Basis of preparation
The annual financial statements are prepared in thousands of South African rands
("R`000") on the historical- cost basis, except for certain assets and
liabilities which are carried at amortised cost, and derivative financial
instruments and biological assets which are stated at their fair value.
Financial statements
The consolidated financial statements for the year have been audited by Deloitte
& Touche and their accompanying unmodified audit report as well as their
unmodified audit report on this set of summarised financial information is
available for inspection at the company`s registered office. Full details of the
group`s business combinations for the year, additions and disposals of property,
plant and equipment as well as commitments and contingencies will be included in
the group`s consolidated financial statements.
Changes in accounting policies
The accounting policies of the group have been applied consistently to the
periods presented in the consolidated financial statements, except for:
1. IFRIC 11 - IFRS 2 - Group and Treasury Share Transactions.
This interpretation is required to be applied to accounting periods
commencing on or after 1 March 2007 with earlier adoption permitted. The
group adopted the interpretation during the current year, in the absence of
alternative guidance with regard to group share schemes.
2. Common control transactions - premiums and discounts arising on subsequent
purchases from or sales to minority interest in subsidiaries
Previously, any increases and decreases in ownership interest in
subsidiaries without a change in control were recognised as equity
transactions in the condolidated financial statements. Accordingly, any
premiums or discounts on subsequent purchases of equity instruments from,
or sales of equity instruments to, minorities were recognised directly in
equity of the parent shareholder. During the year, the group changed its
policy and these premiums or discounts are now treated in line with the
group`s policy on goodwill.
3. IFRS 8 - Operating Segments
This interpretation is required to be applied to accounting periods
commencing on or after 1 January 2009, with early application encouraged.

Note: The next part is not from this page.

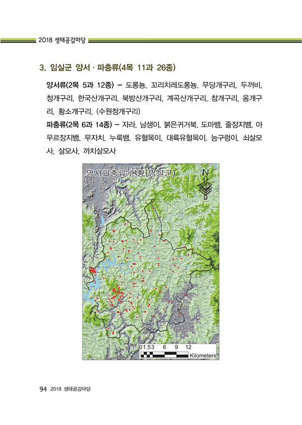 94 2018 생태공감마당 3. 임실군 양서·파충류 4목 11과 26종 양서류 2목 5과 12종 도롱뇽, 꼬리치레도롱뇽, 무당개구리, 두꺼비, 청개구리, 한국산개구리, 북방산개구리, 계곡산개구리, 참개구리, 옴개구 리, 황소개구리, 수원청개구리 파충류 2목 6과 14종 자라, 남생이, 붉은귀거북, 도마뱀, 줄장지뱀, 아 무르장지뱀, 무자치, 누룩뱀, 유혈목이, 대륙유혈목이, 능구렁이, 쇠살모 사, 살모사,까치살모사
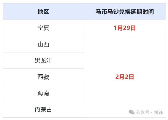 今日为大部分地区常规兑换最后一天;宁夏延长兑换至1月29日,山西、海南、西藏延长至2月2日,兑换延期属纪念币钞发行常规操作。从历史情况来看,延期兑换对整体兑换率影响有限,因前期意向兑换者已完成兑换,未兑换者多因证件问题无法办理。

The group elected for early application of IFRS 8 - Operating Segments in
the interest of improved disclosure.
Restatement of comparative figures
Following the acquisition and initial accounting for the Homestyle Group
Plc acquisition on 30 June 2005 the group has undertaken a comprehensive
turnaround plan including the introduction of a largely new executive
management team who have addressed a number of operational issues in the
group. In addressing operational issues management became aware of certain
accounting inconsistencies and misstatements related to legacy issues in
existence at the acquisition date, 30 June 2005.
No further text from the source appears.